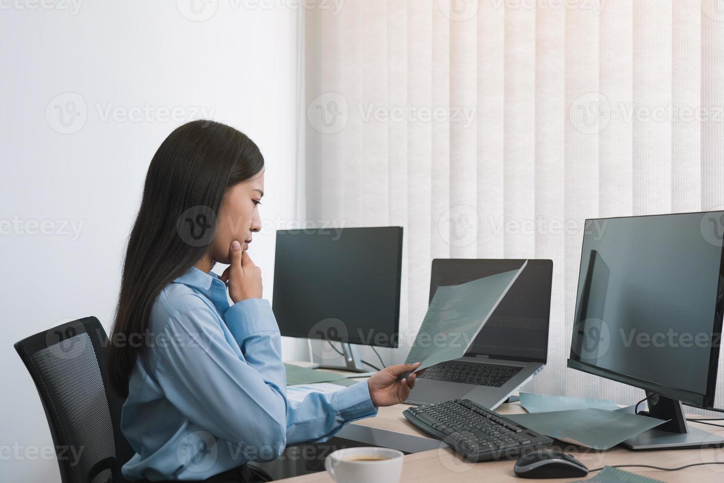 Stress asian woman while coding data programmer on desktop PC while working on computer codes in the office. Pro Photo
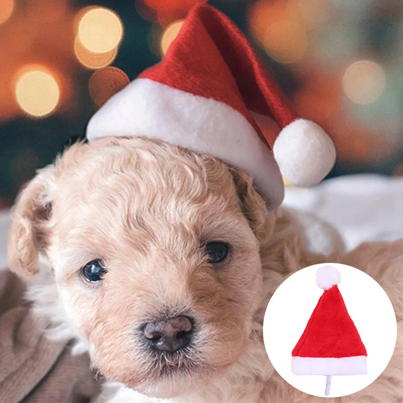 Рождественская шляпа для животных, Рождественская кошка, орнамент с изображением собак, шапка Санта Клауса, зимняя теплая Рождественская Новогодняя плюшевая шапка, вечерние рождественские украшения для дома
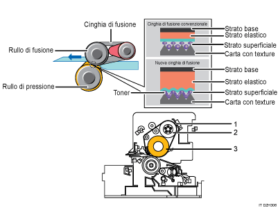 La cinghia di fusione ha uno strato elastico spesso, come nel modello precedente, per consentire alla cinghia di raggiungere le rientranze superficiali dei supporti con texture.
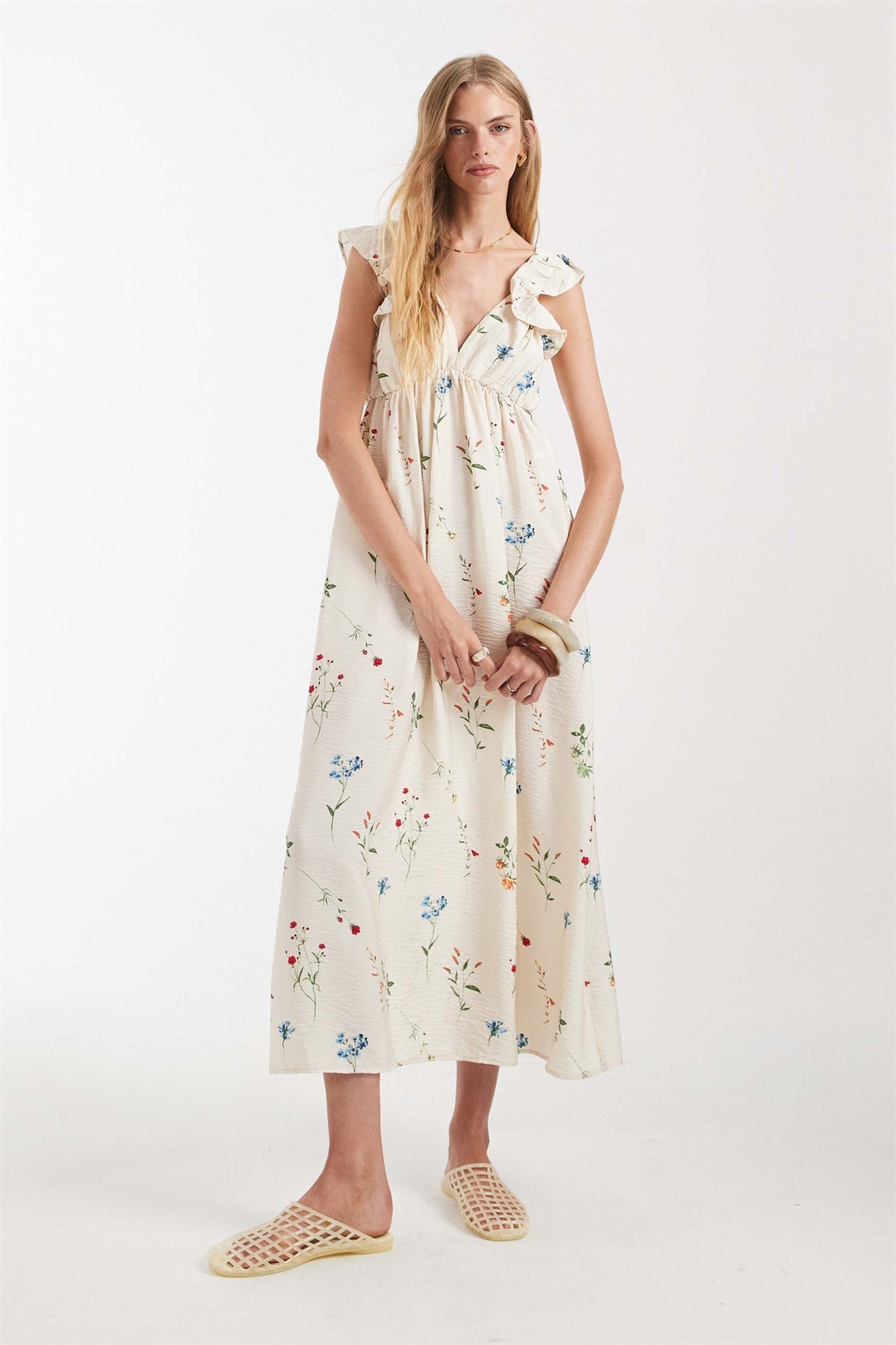 Макси-платье с воланами на плечах и V-образным вырезом
■ ■ ■ ■ ■
Write out nothing but the lines from the start of the data through the line with "Рождественская шляпа для". Leave out the pictures.

• **Response**
 Stress asian woman while coding data programmer on desktop PC while working on computer codes in the office. Pro Photo
 Рождественская шляпа для животных, Рождественская кошка, орнамент с изображением собак, шапка Санта Клауса, зимняя теплая Рождественская Новогодняя плюшевая шапка, вечерние рождественские украшения для дома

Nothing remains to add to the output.